Other than turning the age of a famed Beatles song, I don’t really feel any different, physically or mentally. Mainly I feel blessed to still have attributes that keep me feeling young — good health, insatiable curiosity about the world, an addiction to rigorous exercise, and a joy in waking up each morning and wondering what the day will bring.

Still, when I wake up at sunrise and stumble into the bathroom, grab my toothbrush and look in the mirror — sheesh. Who is that wild, gray-haired, bloodshot-eyed old man in the mirror? The solution came quickly. Don’t look in the mirror until having showered, shaved and tamed the hair — and then only briefly.

One thing that has changed in the past few years is a sense of enjoying each day and not looking forward to something happening down the road. For example, I don’t enjoy summer in East Texas. I don’t like hot weather because I love to be outdoors. The heat doesn’t stop me from going outside and working on our yard or house — or slogging away at the CrossFit gym when the workout is outside. But I dislike the oppressive heat, always have. I used to think. about the time of my birthday each year, “I can’t wait until fall arrives, when the air is crisp and the dew is heavy.”

I don’t think that way anymore, because the number of autumns that lie ahead are far fewer than the autumns that have passed. Again, there is no sense in rushing matters. As I walk out the door each morning just after sunrise, our old dog Sam straining at the leash to begin the highlight of his day, I take in the beauty of the morning, no matter the weather — the sunlight filtering through the leaves, the coo of the mourning doves, the smell of pine needles, the cotton-candy clouds peeking over the hill as Sam and I trudge up the hill.

Right now, Sam and I are essentially the same age — he’s 11 and a medium-sized dog; my Google research confirms his “human” age. Sam still gets along pretty well thus far, healthy and eager to chase a squirrel or gobble the husk of a locust, which are strewn about the streets this time of year. I guess they’re like pork rinds to a dog.

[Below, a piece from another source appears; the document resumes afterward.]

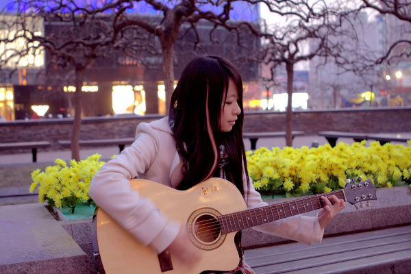 拿着吉他做在椅子上那个好像西单女孩

So this day will be as most. I will doubtless annoy my BMC by singing the stanza to that Beatles song far too often. The gym workout likely will include the birthday tradition of whoever shows up doing Burpees to mark my age, much as the UT cheerleaders perform flips to mark the total Longhorn points after every score. I will not be the most popular person in the gym today if that occurs. I’ll come home, shower, and then begin working in front of the computer screen on one of the various projects that keep my mind engaged, and perhaps make a bit of money. Maybe a little yard work, then a plunge into the pool.

And I’ll say a prayer of gratitude for having reached this milestone in far better condition — in faith, physically, mentally, financially and surrounded by loved family and friends — than I deserve.

What a long, strange but lovely trip it indeed has been.